So I really do think getting rid of them would be a good thing.
It was just pointed out to me that Debian hasn’t been using GPG to verify upstream tarballs, and I am about to fix that.
As to sigstore, we’d need to support it in our uscan tool, to have automated verification happen. To include the signature in our source packages, as PGP signatures are, we’d need to modify dpkg-source, and possibly the archive, to support storing them. It’s hard to motivate that change for a single upstream. I know there are other ecosystems supporting it, but I’ve never run into any doing so actively.
So… we can use GPG and really should. I’ll do that. If it were dropped, we’d rely on local manual verification (probably forgotten), rather than being able to migrate completely to sigstore.
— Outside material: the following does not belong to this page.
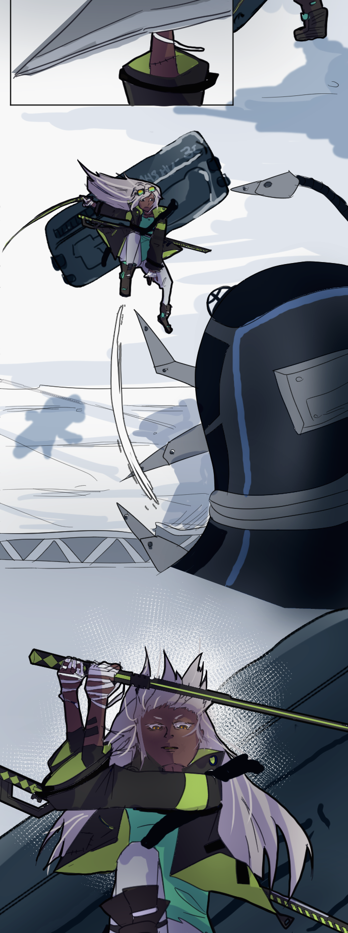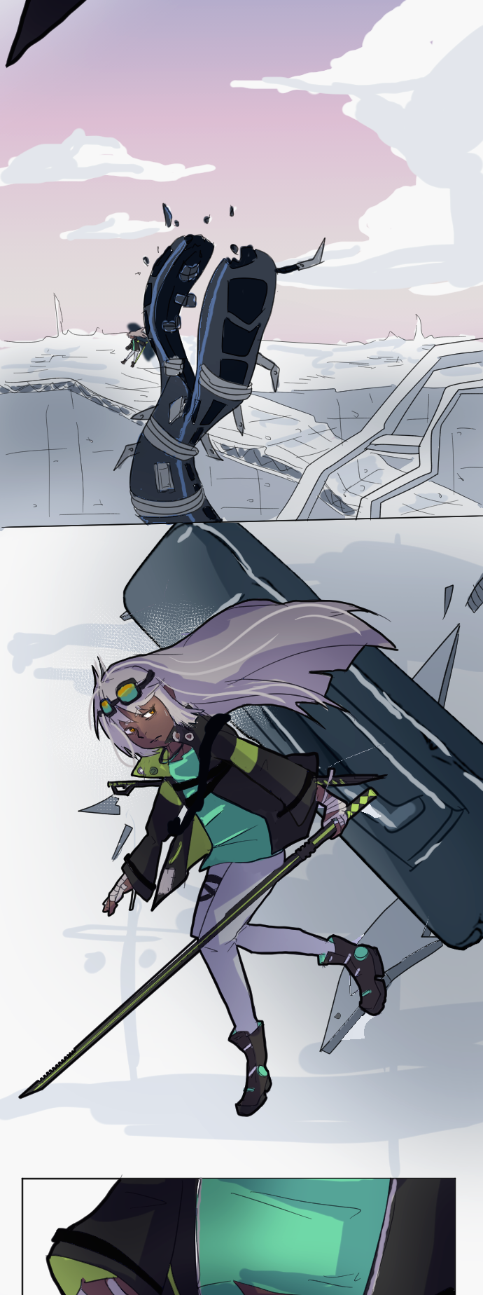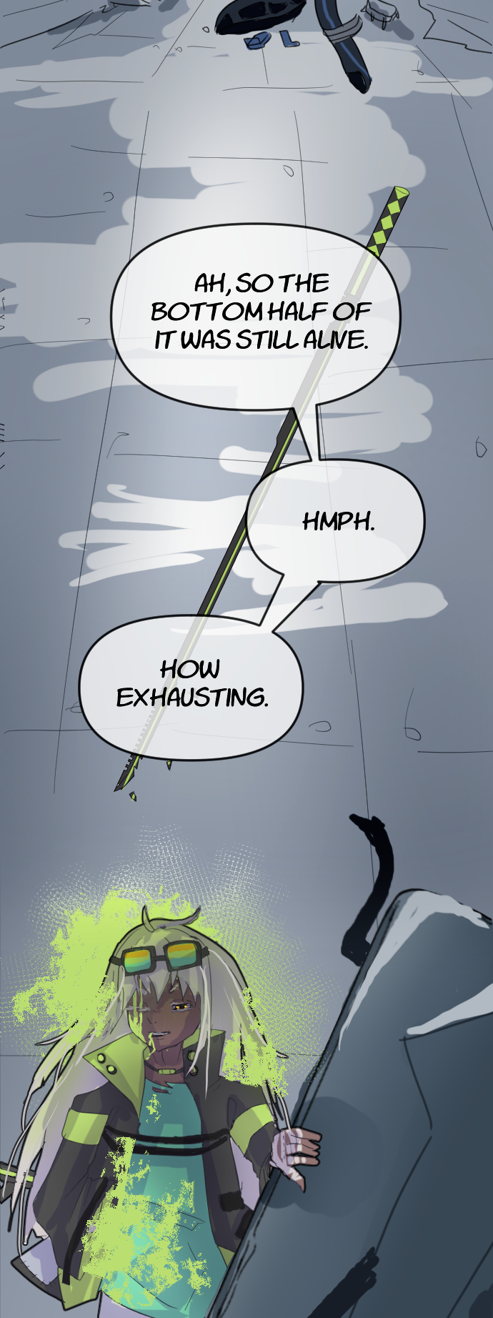 Not sure what her reaction at the end is. Even if she’s a calm/collected type, some readable reaction after having her arm chopped would’ve felt better there.
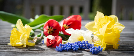 First springs flowers Muscari, Primroses and Tulips background mix.

Is there a reason why GPG signatures weren’t being used by Debian in the past, despite being available?
Agreed that it’s tough to justify for a single upstream, however I know that in the near future there will be multiple thousands of projects with Sigstore verification materials on PyPI thanks to the work of @woodruffw on PEP 740. I know that Debian/Ubuntu package projects from PyPI and for many of these projects there aren’t any GPG signatures available, would this volume of projects and viable verification materials justify adopting Sigstore in uscan?
The package maintainers never got around to setting them up. Or didn’t consider them to be important.
I’ll file bugs requesting the support and we’ll see how things go. I think we’re broadly in agreement with the goals here. It’s probably mostly a matter of getting the right tooling packaged and convincing people that sigstore is worth the effort of implementation in Debian package tooling.